You could always put in an exhaust fan. If you wanted to get really fancy you could run it on a cheap WH8040 humidity controller.


----------



## -Peter (Nov 19, 2013)

Good for Boyd's


----------



## Pythoninfinite (Nov 19, 2013)

squidlinc said:


> Thanks Jamie, I'll definitely consider what you've said bit would you mind answering a few questions? The size of pond that I'm envisioning is approximately 20cmx20cm at most and not very deep. The deepest part would be around 7cm to fit the pump. The water that will flowing into it will only be travelling about 20cm and will be no more than a trickle.
> 
> I don't really understand why this would create so much humidity in such a large area, especially since many enclosures would have relatively similar ratios if water to land, just with water bowls and soaking spots during shedding.
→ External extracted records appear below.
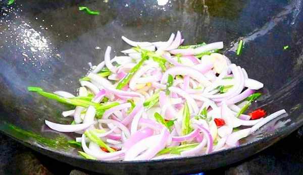 3、炒锅烧热,加入少许食用油,放入洋葱、大蒜和红辣椒炒香,再加入洋葱和胡椒粉,翻炒几下,加少许醋,翻炒,加入陈醋即可让洋葱更脆。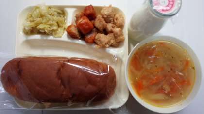 本日の献立は、黒糖パン、まぐろのオーロラ煮、スープ、サワーキャベツです。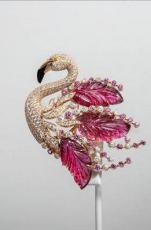 粉色火烈鳥是卡地亞動物主題作品中常見的鳥類形象。這款作品在傳統(tǒng)自然主義風(fēng)格中結(jié)合部分抽象手法,火烈鳥頭部雕刻逼真,玫瑰金與縞瑪瑙的組合突出鳥喙形象。三顆雕刻紅碧璽躍然而出,羽毛以雕刻寶石與抽象線條交錯顯現(xiàn),意趣十足。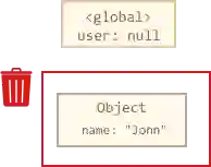 现在 John 变成不可达的了。因为没有引用了,就不能访问到它了。垃圾回收器会认为它是垃圾数据,然后释放内存。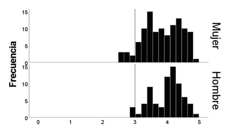 Figura 3 Distribución de la puntuación media de la ASPT según el sexo. La línea vertical indica la posición neutra, correspondiente al valor 3 de la escala.

Is it the running water? I guess that would release more moisture into the air but would a small trickle be enough to fill the whole enclosure? It's a tv cabinet, so it's 2ft deep and also about 1.5 high. The pond will be set down in the right hand corner and boxed in by a cub board section that takes up the lower middle of the enclosure.
> 
> ...



From what you say there it sounds as though it should be OK. I've seen some "waterfalls" which are basically torrents, but the small surface area of the pond and the trickle you want in an enclosure that size sounds fine to me. (I was envisioning a huge waterfall with vast amounts of water everywhere, which some ambitious keepers seem to think are just the bees knees for GTPs etc ).

I'd say go for it at this stage!

Jamie


----------



## squidlinc (Nov 19, 2013)

Yes! Haha, when I get these ideas I find it hard to let go  I'll keep the humidity in mind as I'm building it and can always look at the exhaust fan suggested above if it is to humid when I run the system to test it. 
Now to actually attempt to make the thing... 
Thank you! 


Sent from my iPhone using Tapatalk - now Free


----------



## Rogue5861 (Nov 29, 2013)

squidlinc said:


> Yes! Haha, when I get these ideas I find it hard to let go  I'll keep the humidity in mind as I'm building it and can always look at the exhaust fan suggested above if it is to humid when I run the system to test it.
> Now to actually attempt to make the thing...
> Thank you!
> 
> ...



A 4" ceiling speaker vent and a 120mm high flow 12v pc fan will remove excess heat/moisture. I use a couple in enclosures and they work well, my house ac is hopeless so more flow through my enclosures cause the cooler air to enter and keep temps lower.


Rick


----------